The Party That Cried Wolf

When my daughters were very young, I taught them the story of the boy who cried wolf.  My point was simple: if you don’t have credibility with people, nobody will listen to you even when you truly have something to say.  I’m seeing that point play out on the national stage with the Obamacare debacle.

Do I personally have questions about how the Administration could be this clueless and ill-prepared with respect to the all-important website?  Sure I do.   Do I question why the President repeatedly would say “If you like your plan, you can keep it” if, in fact, that statement did not apply to millions of Americans?   Absolutely.   Both of these issues raise questions that I would like to see further probed.   But that’s just me.  My sense is that after nearly five years of efforts to rake President Obama over the coals for everything from the nationality of his father, to his so-called “Islamic” faith, to his allegedly following the teachings of Karl Marx, most people are sick and tired of scandals, accusations, probes, and the sense that the powers-that-be care less about the national welfare than about scoring petty political points.  

So now that prominent conservatives might actually see some real wolves on the horizon, nobody believes them.  And who is to blame for that, my Republican friends?

Perhaps I’m in the minority in this country.  I’m still bothered when the politicians in my party behave inappropriately, and I’m happy to see the issue further explored if I think the public deserves more information.  In other words, no matter whose conduct is at issue – whether Democrats or Republicans – I’m open to the possibility that the benefits from investigating the past may exceed the inevitable costs of dwelling on it.  For example, unlike many of my fellow Democrats, I wasn’t willing to brush under the rug the indiscretions of President Clinton, who I believe behaved recklessly (and not merely negligently), particularly given the way that he essentially assured us in 1992 that his personal indiscretions were a thing of the past.  Indeed, I’m frankly sick of the way Democratic pundits love to take any kind of misconduct perpetrated by a Democratic leader (call it X) and say, “Of course we don’t condone X” or “Admittedly, X is inexcusable,” and then immediately stop trying to explore why X happened and instead turn their attention to blaming the Republicans about something related to X.  Whenever they behave that way, I can see why Democrats have taken the donkey (or ass) as their symbol.

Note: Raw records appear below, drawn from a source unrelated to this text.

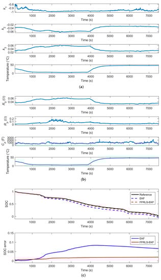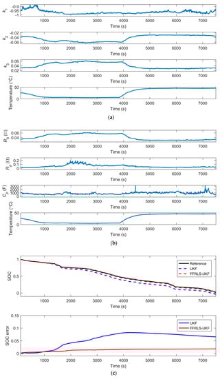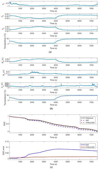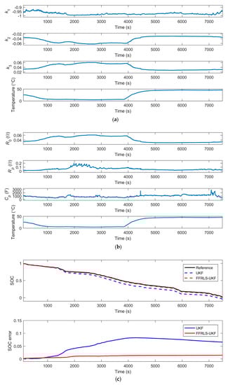Similarly, the data are processed with the UKF algorithm and the FFRLS-UKF algorithm respectively, as shown in Figure 11. The results of the online parameters identification are shown in Figure 11a,b. Figure 11c illustrates the SOC estimation values of the UKF algorithm and the FFRLS-UKF algorithm.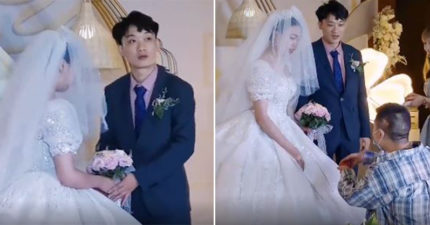 伴郎突向新娘「下跪獻戒指」 賓客全傻眼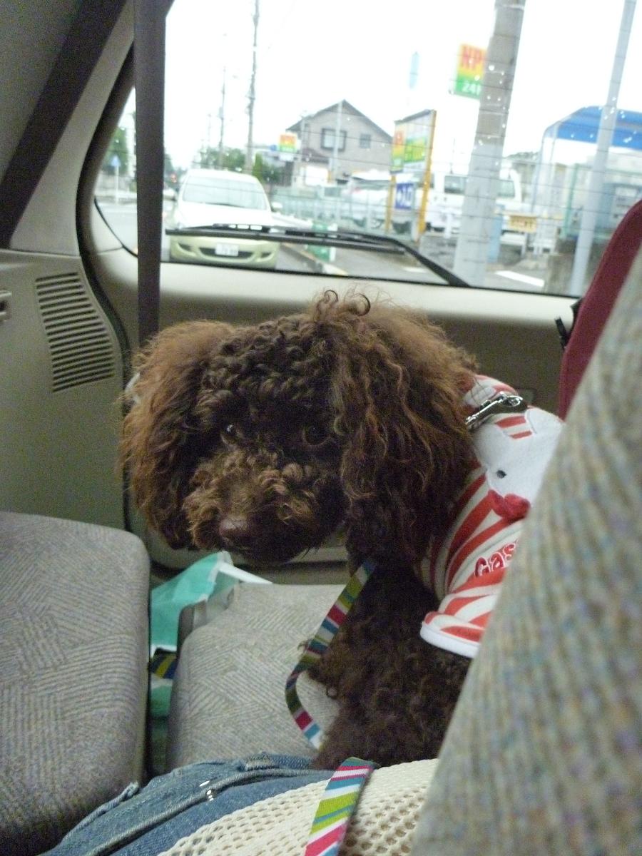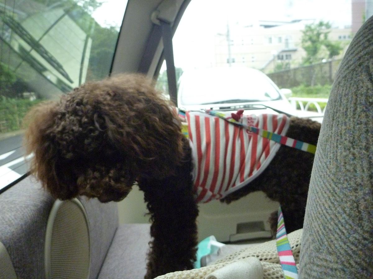 お散歩の後、駒沢公園へ向かう車中で・・・

So, to the extent there are important lessons to be learned from the mishandling of either the Obamacare rollout or the way the law was sold to the public, let’s air them!   Media figures shouldn’t permit Democratic spin doctors to change the subject away from their own party’s conduct and toward the ol’ “vast, right wing conspiracy.”  Democrats claim that they are the moderates, and the GOP is under the control of the ideologues, so let’s demand that the Democrats practice what they preach.   I want to know why the signature program of this administration is getting off to such an incredibly bad start.  I don’t want to hear that “other programs have had kinks before” or other excuses.   I want to know how this one went down and why, because it does have something to teach us about the ability of the federal government to manage a vast national program in the 21st century.  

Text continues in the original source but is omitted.